Mas é exatamente assim que a segurança sempre funcionou. Não existe “seguro” ou “inseguro” absoluto; o que dá para fazer é ir aumentando o custo do ataque e diminuindo o raio da explosão de um incidente.

A segurança de Agent é defense in depth: o isolamento decide o que ele pode fazer, o menor privilégio limita o que ele pode tocar, e o log garante que um incidente seja rastreável até a origem

Então, para um time que quer de fato construir um produto de Agent de nível empresarial (ToB), não existe bala de prata. A jogada praticável é empilhar três coisas. Primeiro, isolamento: usar sandboxes de nível de sistema e restrições externas para delimitar de forma estrita o que o Agent pode fazer. Segundo, controle por política: usar menor privilégio e regras fixas para restringir o que, dentro desse cerco, ele efetivamente pode tocar. Terceiro, rastreabilidade: usar logs e uma trilha de auditoria para que, se algo der errado, dê para apontar em qual passo e por qual parte o problema aconteceu.

Os dois primeiros são prevenção; o terceiro esquece-se com facilidade e é igualmente importante. Guardrails têm a ver com impedir coisas ruins de acontecerem; logs têm a ver com poder explicar o que aconteceu quando aconteceram — e nenhum substitui o outro. Existe uma falha reveladora na prática: muitas empresas relataram incidentes de segurança de Agent, suspeitos ou confirmados, mas pouquíssimas de fato tratam o Agent como uma entidade que precisa de sua própria autorização e sua própria responsabilização. Essa lacuna é a fraqueza mais concreta da segurança de Agent hoje.

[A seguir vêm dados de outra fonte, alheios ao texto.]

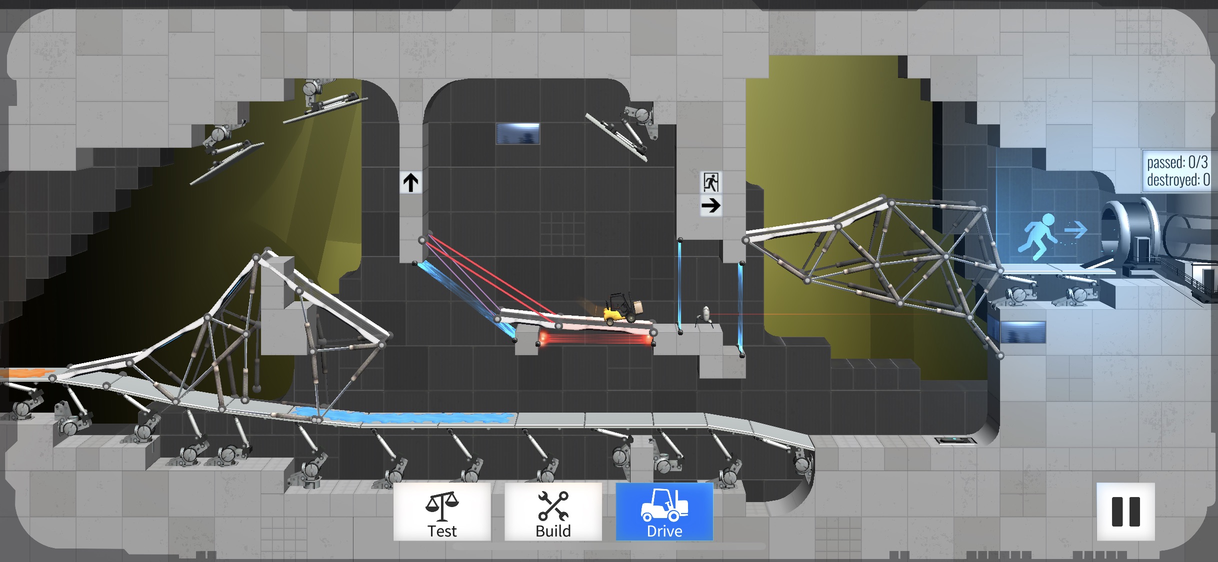 After you’ve successfully completed a level and proved your construction adequate to guide a vehicle to the exit, you’re presented with the amount of money wastefully spent on infrastructure, and the option to convoy a series of vehicles to the exit. More often than not, my makeshift bridges were able to withstand one forklift, but failed under the weight of multiple. This adds an extra element of challenge to the game for more ambitious players.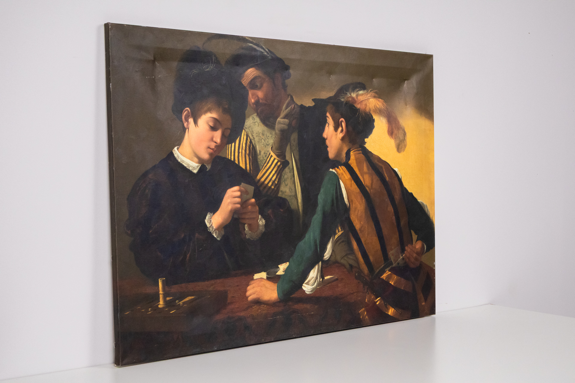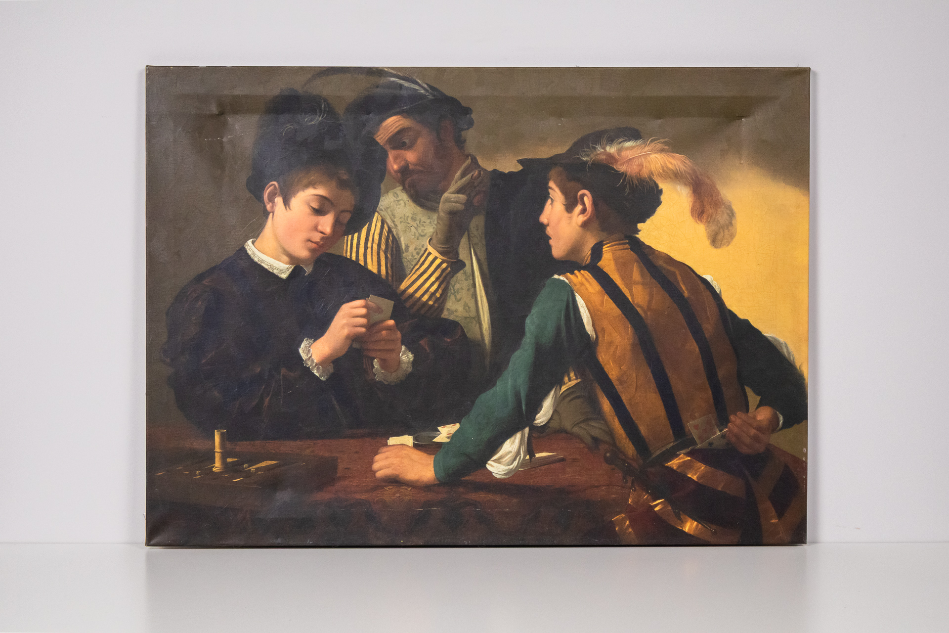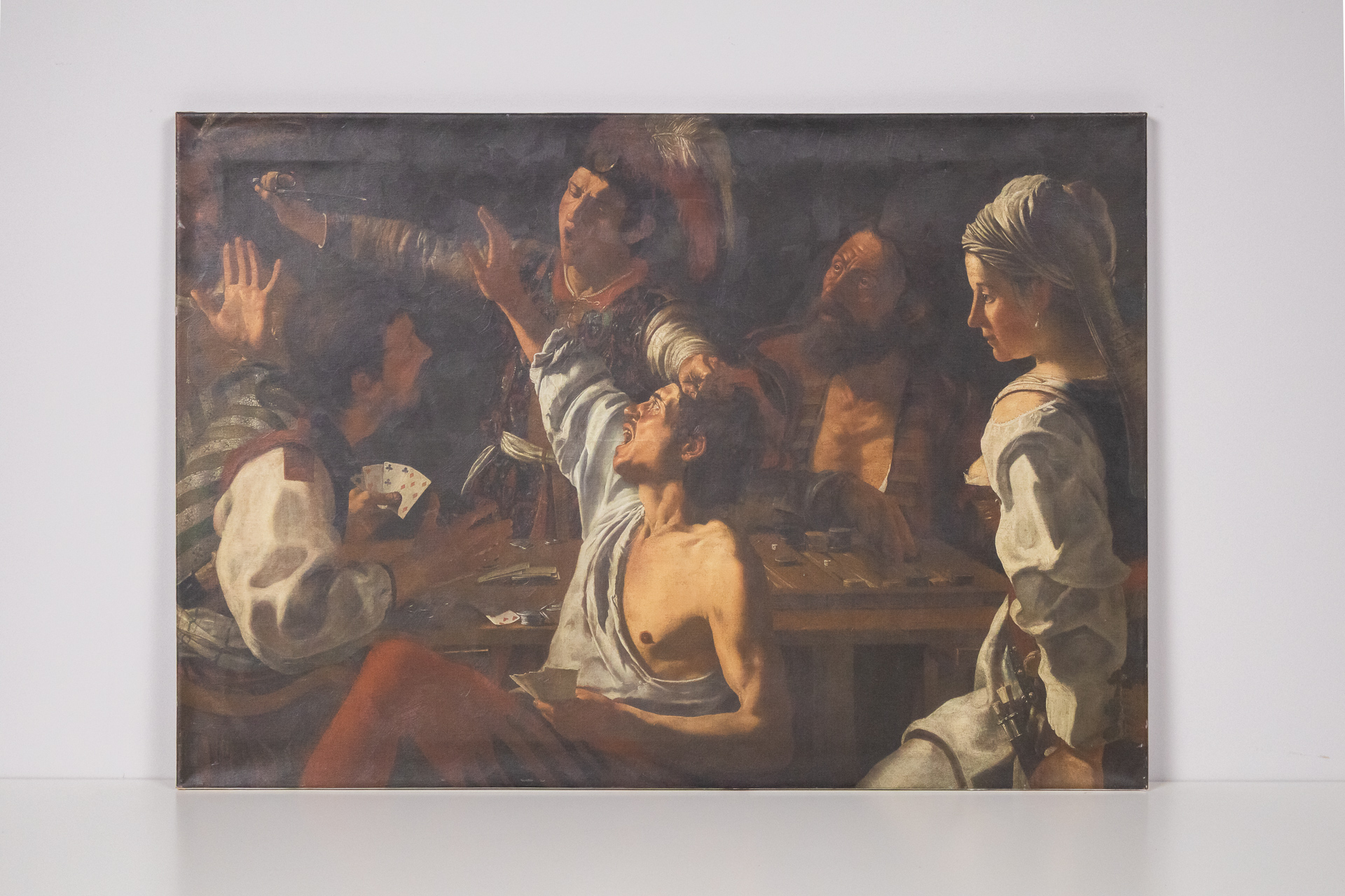 Barokk stílusú festmény, amely kártyázó férfiakat ábrázol egy sötét háttér előtt, élénk fény-árnyék kontrasztokkal. A középpontban egy fiatal férfi ül, akinek a ruházata részletesen kidolgozott, míg a többiek...

Os AI Agents estão passando de “responder perguntas” para “fazer o trabalho por você”. Quanto mais autônomo o Agent, mais o usuário entrega — decisão, dados, todo tipo de credencial e chave. Esperar que o modelo aprenda contenção por conta própria, ou escrever mais algumas centenas de regras de guardrail — ambos ficam dentro do modelo, no mesmo nível do modelo, e não seguram os problemas descritos acima. Para uma empresa tornar um Agent verdadeiramente utilizável, a linha de defesa tem que ser construída fora do modelo: uma sandbox delimita o que ele pode operar; menor privilégio restringe a que dados ele pode chegar dentro desse cerco; logs registram cada passo, para que, se algo der errado, dê para rastrear até a origem. Essas três camadas juntas é que merecem o nome de arquitetura de segurança de Agent pronta para empresa.